[GLUTEN-7745][VL] Incorporate SQL Union operator into Velox execution pipeline #7842

zhztheplayer · 2024-11-07T08:37:43Z

Edit: The single-threaded execution issue will be fixed in Velox facebookincubator/velox@e80bf12.

Introduce new config spark.gluten.sql.native.union (by default, false) which works for Velox backend only at the moment.

Native union will not be used when children of union operator don't share the same known partition number. (perhaps can be fixed in future)

There is a Spark UT failing when enabling native union, it's related to Velox LocalParition output order and requires fixing in future:

2024-11-29T12:48:14.0003314Z - SPARK-14393: values generated by non-deterministic functions shouldn't change after coalesce or union *** FAILED ***
2024-11-29T12:48:14.0004432Z   Array([0,0], [2,1], [1,8589934592], [3,8589934593]) did not equal Array([0,0], [1,8589934592], [2,0], [3,8589934592]) Values changed after union when codegenFallback=true and wholeStage=false. (DataFrameFunctionsSuite.scala:3780)

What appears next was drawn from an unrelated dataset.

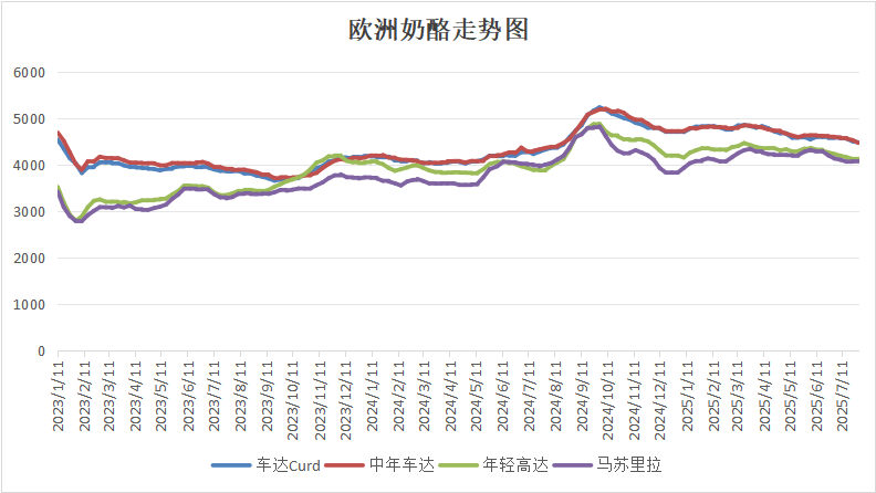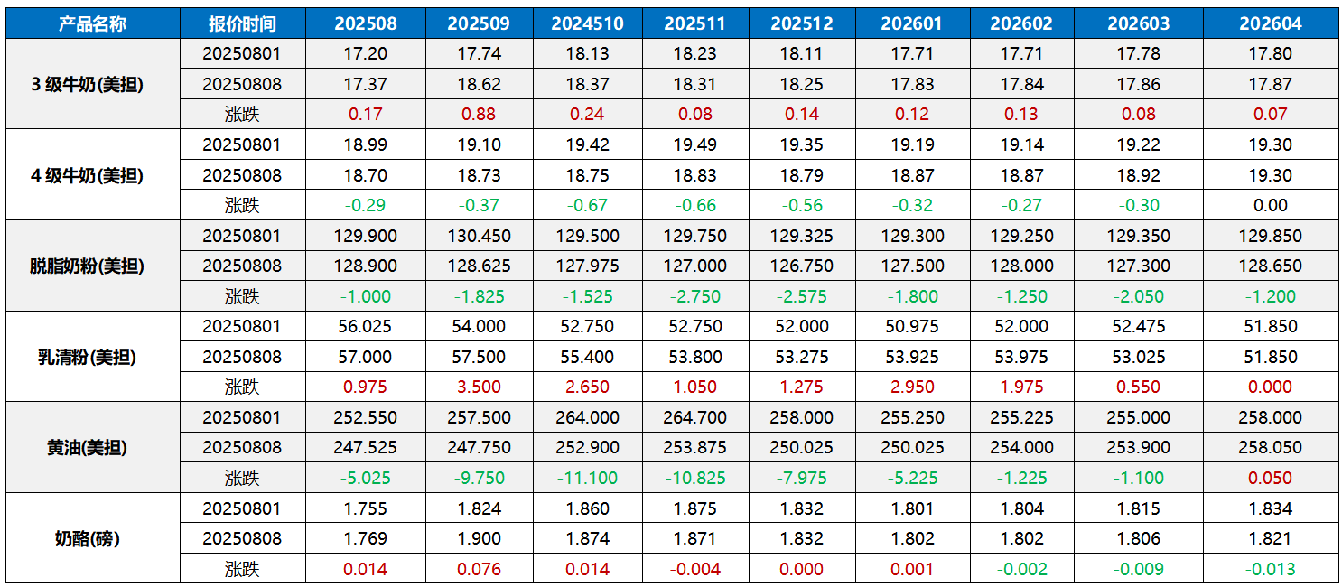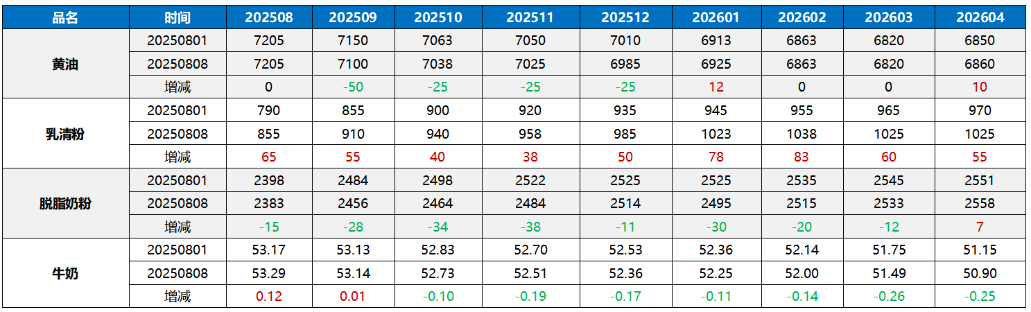 近期豐產和歐洲降息進入尾聲,讓黃油、脫脂奶粉一路下行,而奶酪的連續下挫也使得乳清粉未來供應看淡而價格上行。

So far the failure is benign since in SQL we don't often guarantee output ordering of union operator.

~~This is currently a PoC and not yet workable because of a blocker from Velox's single-threaded execution design:~~

I20241107 15:06:23.310680 1849235 VeloxPlanConverter.cc:128] Plan Node: 
-- Aggregation[7][PARTIAL n7_0 := count_partial("n0_0")] -> n7_0:BIGINT
  -- LocalPartition[6][GATHER] -> n0_0:BIGINT
    -- Project[4][expressions: (n0_0:BIGINT, "n1_1")] -> n0_0:BIGINT
      -- Project[1][expressions: (n1_1:BIGINT, "n0_0")] -> n1_1:BIGINT
        -- TableScan[0][table: hive_table] -> n0_0:BIGINT
    -- Project[5][expressions: (n0_0:BIGINT, "n3_1")] -> n0_0:BIGINT
      -- Project[3][expressions: (n3_1:BIGINT, "n2_0")] -> n3_1:BIGINT
        -- TableScan[2][table: hive_table] -> n2_0:BIGINT
24/11/07 15:06:23 ERROR TaskResources: Task 11 failed by error: 
org.apache.gluten.exception.GlutenException: Task doesn't support single thread execution: -- Aggregation[7]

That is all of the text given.